If required for compliance with Section 409A of the Code, in no event will a Change in Control be deemed to have occurred if such transaction is not also a “change in the ownership or effective control of” the Company or “a change in the ownership of a substantial portion of the assets of” the Company as determined under U.S. Treasury Regulation Section 1.409A-3(i)(5) (without regard to any alternative definition thereunder). The Administrator may, in its sole discretion and without a Participant’s consent, amend the definition of “Change in Control” to conform to the definition of “Change in Control” under Section 409A of the Code, and the regulations thereunder.

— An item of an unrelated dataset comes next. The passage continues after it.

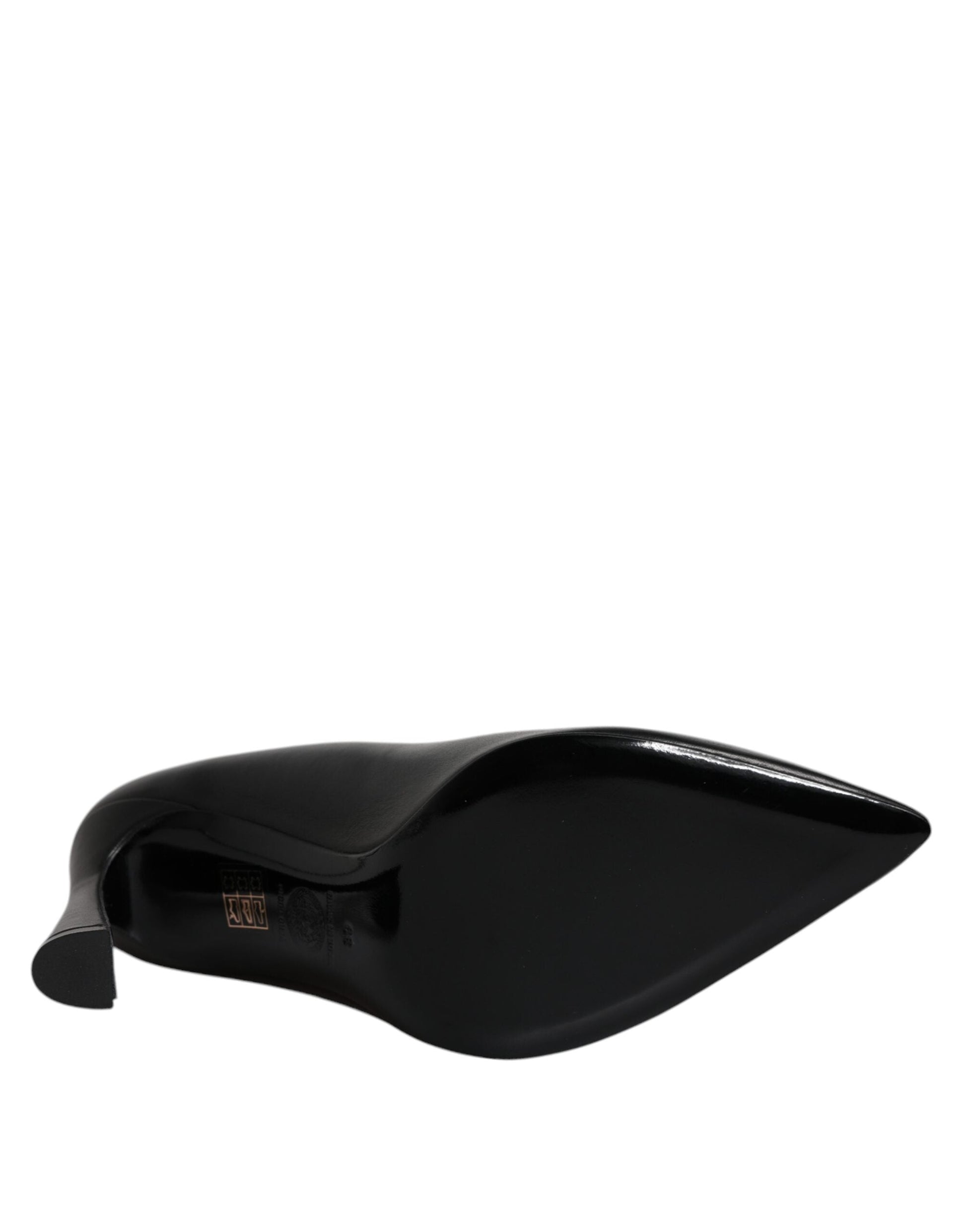 Versace Black Leather Logo Plaque High Heels Pumps Shoes

                                

(l)

Code” means the U.S. Internal Revenue Code of 1986, as amended, including any applicable regulations and guidance thereunder.

(m)

Committee” means a committee of one or more Directors to whom authority has been delegated by the Board in accordance with Section 2(d).

(n)

Compensation Committee” means the Compensation and Talent Committee of the Board.

(o)

Common Stock” means the common stock, $.01 par value per share, of the Company.

(p)

Company” Western Digital Corporation, a Delaware corporation.

(q)

Consultant” means any person, including an advisor, who is (i) engaged by the Company or a Subsidiary to render consulting or advisory services and is compensated for such services, or (ii) serving as a member of the board of directors of a Subsidiary and is compensated for such services. However, service solely as a Director, or payment of a fee for such service, will not cause a Director to be considered a “Consultant” for purposes of this Plan. Notwithstanding the foregoing, a person is treated as a Consultant under this Plan only if a Form Registration Statement on Form S-8 or a successor form under the Securities Act is available to register either the offer or the sale of the Company’s securities to such person.

(r)

Continuous Service” means that the Participant’s service with the Company or a Subsidiary, whether as an Employee, Director or Consultant, is not interrupted or terminated. Unless the express policy of the Company or any Subsidiary, or the Administrator, otherwise provides, or except as otherwise required by applicable law, a Participant will not be deemed to have terminated Continuous Service in the case of (i) sick leave, (ii) military leave, (iii) transfer from one Affiliate to another Affiliate, or (iv) any other leave of absence authorized by the Company (or Subsidiary) or the Administrator, provided that such leave is for a period of not more than three months (unless the Administrator otherwise provides or reemployment or continued service is guaranteed by contract or law upon the expiration of such leave). In the case of any Participant of the Company or one of its Subsidiaries on an approved leave of absence, continued vesting of an Award while on leave from the service of the Company or one of its Subsidiaries may be suspended until the Participant returns to service, unless the Administrator otherwise provides or applicable law otherwise requires. For purposes of this Plan and any Award, if an entity ceases to be a Subsidiary, a termination of Continuous Service shall be deemed to have occurred with respect to each Participant in respect of such Subsidiary who does not continue as an Employee, Director or Consultant in respect of the Company or another Subsidiary that continues as such after giving effect to the transaction or other event giving rise to the change in status. In addition, if required for exemption from or compliance with Section 409A of the Code, the determination of whether there has been a termination of Continuous Service will be made, and such term will be construed, in a manner that is consistent with the definition of “separation from service” as defined under U.S. Treasury Regulation Section 1.409A-1(h) (without regard to any alternative definition thereunder).

(s)

Director” means a member of the Board.

(t)

Disability” means, with respect to a Participant, the inability of such Participant to engage in any substantial gainful activity by reason of any medically determinable physical or mental impairment that can be expected to result in death or that has lasted or can be expected to last for a continuous period of not less than 12 months as provided in Sections 22(e)(3) and 409A(a)(2)(C)(i) of the Code, and will be determined by the Administrator on the basis of such medical evidence as the Administrator deems warranted under the circumstances.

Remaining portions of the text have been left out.